**Directions:** After finding the line with "Malaysia | |" in the entries below, retype exactly each line from there through the line with "TONIVET CHAT ADULTE", including that final line.

**Source data:**
'''
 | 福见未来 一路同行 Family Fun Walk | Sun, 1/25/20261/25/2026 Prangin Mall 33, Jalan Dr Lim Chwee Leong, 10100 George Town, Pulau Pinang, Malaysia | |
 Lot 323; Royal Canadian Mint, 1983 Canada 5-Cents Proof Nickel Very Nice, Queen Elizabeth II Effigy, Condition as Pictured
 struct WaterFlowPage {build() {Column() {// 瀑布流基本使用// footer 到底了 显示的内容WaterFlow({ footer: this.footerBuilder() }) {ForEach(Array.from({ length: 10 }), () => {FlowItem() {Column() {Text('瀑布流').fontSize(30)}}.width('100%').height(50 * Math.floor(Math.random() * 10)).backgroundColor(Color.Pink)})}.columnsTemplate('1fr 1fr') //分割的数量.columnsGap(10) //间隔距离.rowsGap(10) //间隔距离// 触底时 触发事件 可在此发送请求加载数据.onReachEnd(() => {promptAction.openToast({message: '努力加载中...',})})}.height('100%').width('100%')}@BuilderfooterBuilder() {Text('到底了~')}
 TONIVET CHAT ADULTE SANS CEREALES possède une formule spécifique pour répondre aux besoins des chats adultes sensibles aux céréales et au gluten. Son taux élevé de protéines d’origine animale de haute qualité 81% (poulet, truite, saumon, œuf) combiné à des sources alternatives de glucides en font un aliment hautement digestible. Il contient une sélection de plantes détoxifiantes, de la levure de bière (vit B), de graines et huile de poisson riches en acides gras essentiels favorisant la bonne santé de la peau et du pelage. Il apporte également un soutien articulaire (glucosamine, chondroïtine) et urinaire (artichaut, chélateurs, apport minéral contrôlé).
'''
'''
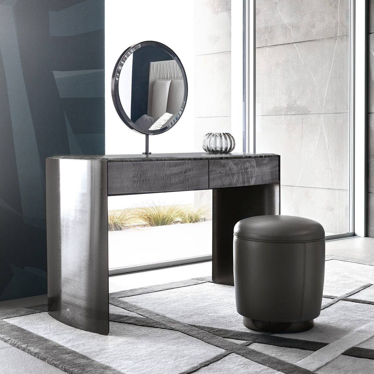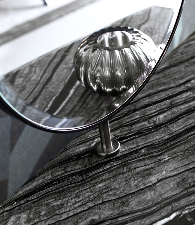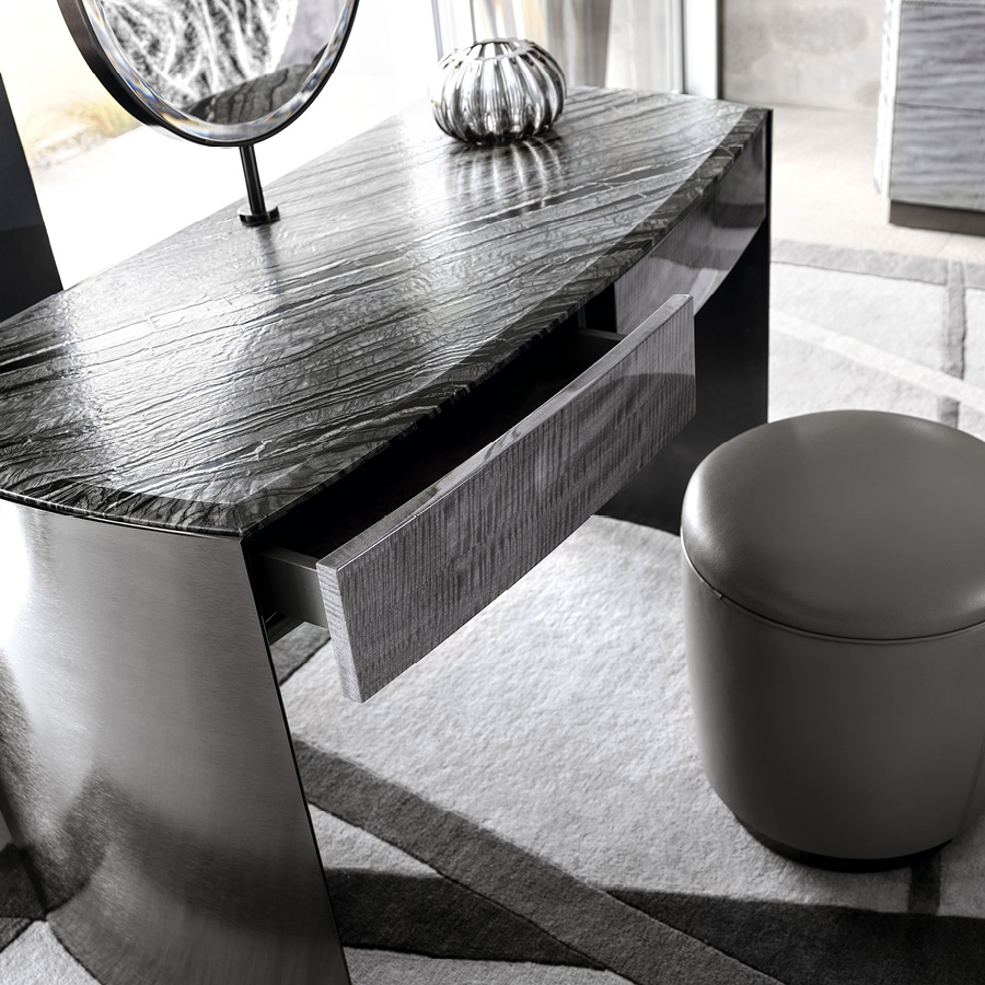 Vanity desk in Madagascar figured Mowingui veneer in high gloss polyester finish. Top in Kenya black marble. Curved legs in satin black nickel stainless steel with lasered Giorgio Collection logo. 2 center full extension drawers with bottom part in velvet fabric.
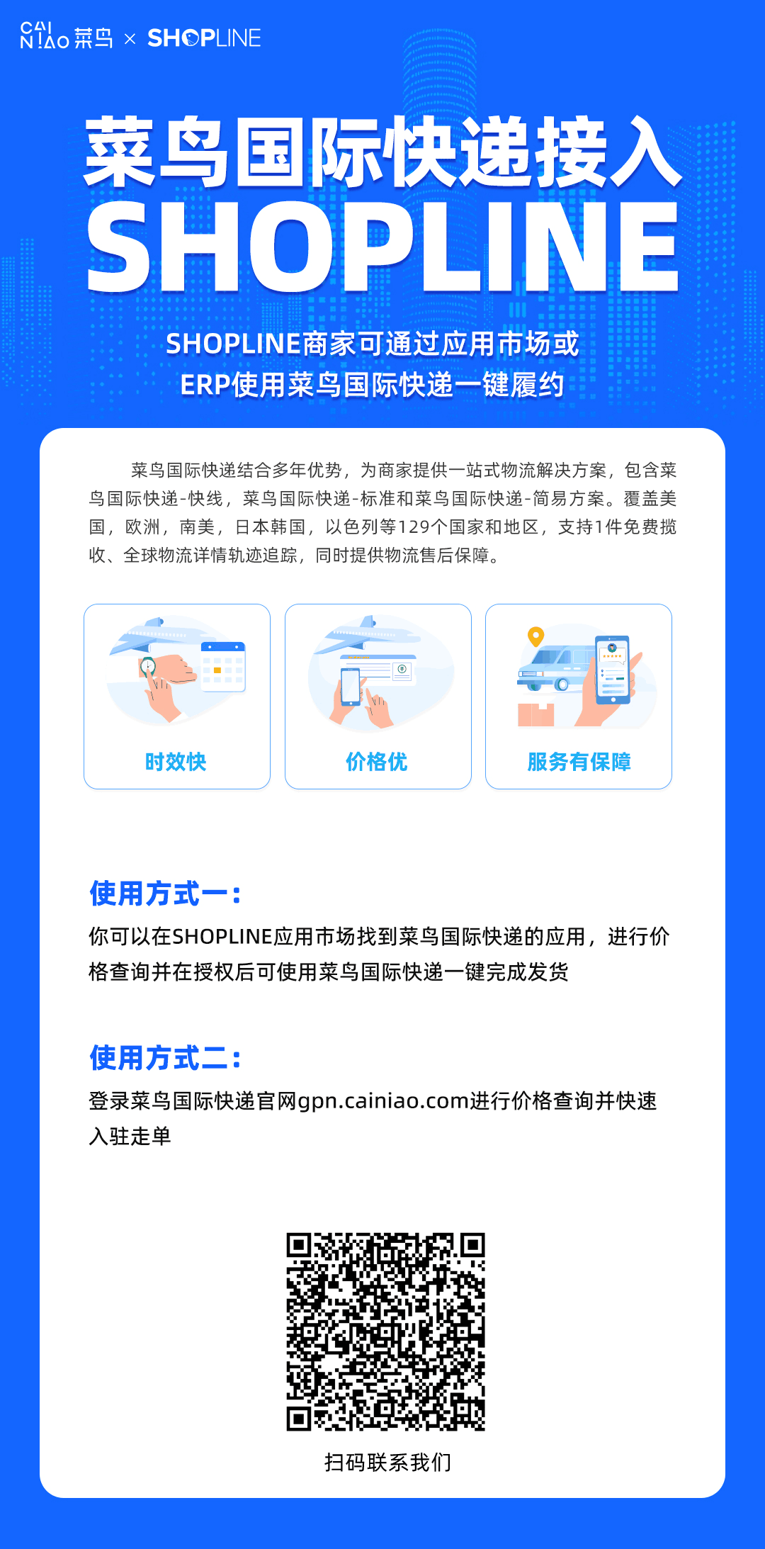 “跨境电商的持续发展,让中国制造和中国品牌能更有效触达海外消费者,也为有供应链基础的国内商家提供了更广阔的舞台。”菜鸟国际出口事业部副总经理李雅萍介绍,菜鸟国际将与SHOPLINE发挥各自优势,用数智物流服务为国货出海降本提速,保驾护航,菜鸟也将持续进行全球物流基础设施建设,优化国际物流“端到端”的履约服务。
'''
**Your response:**
 | 福见未来 一路同行 Family Fun Walk | Sun, 1/25/20261/25/2026 Prangin Mall 33, Jalan Dr Lim Chwee Leong, 10100 George Town, Pulau Pinang, Malaysia | |
 Lot 323; Royal Canadian Mint, 1983 Canada 5-Cents Proof Nickel Very Nice, Queen Elizabeth II Effigy, Condition as Pictured
 struct WaterFlowPage {build() {Column() {// 瀑布流基本使用// footer 到底了 显示的内容WaterFlow({ footer: this.footerBuilder() }) {ForEach(Array.from({ length: 10 }), () => {FlowItem() {Column() {Text('瀑布流').fontSize(30)}}.width('100%').height(50 * Math.floor(Math.random() * 10)).backgroundColor(Color.Pink)})}.columnsTemplate('1fr 1fr') //分割的数量.columnsGap(10) //间隔距离.rowsGap(10) //间隔距离// 触底时 触发事件 可在此发送请求加载数据.onReachEnd(() => {promptAction.openToast({message: '努力加载中...',})})}.height('100%').width('100%')}@BuilderfooterBuilder() {Text('到底了~')}
 TONIVET CHAT ADULTE SANS CEREALES possède une formule spécifique pour répondre aux besoins des chats adultes sensibles aux céréales et au gluten. Son taux élevé de protéines d’origine animale de haute qualité 81% (poulet, truite, saumon, œuf) combiné à des sources alternatives de glucides en font un aliment hautement digestible. Il contient une sélection de plantes détoxifiantes, de la levure de bière (vit B), de graines et huile de poisson riches en acides gras essentiels favorisant la bonne santé de la peau et du pelage. Il apporte également un soutien articulaire (glucosamine, chondroïtine) et urinaire (artichaut, chélateurs, apport minéral contrôlé).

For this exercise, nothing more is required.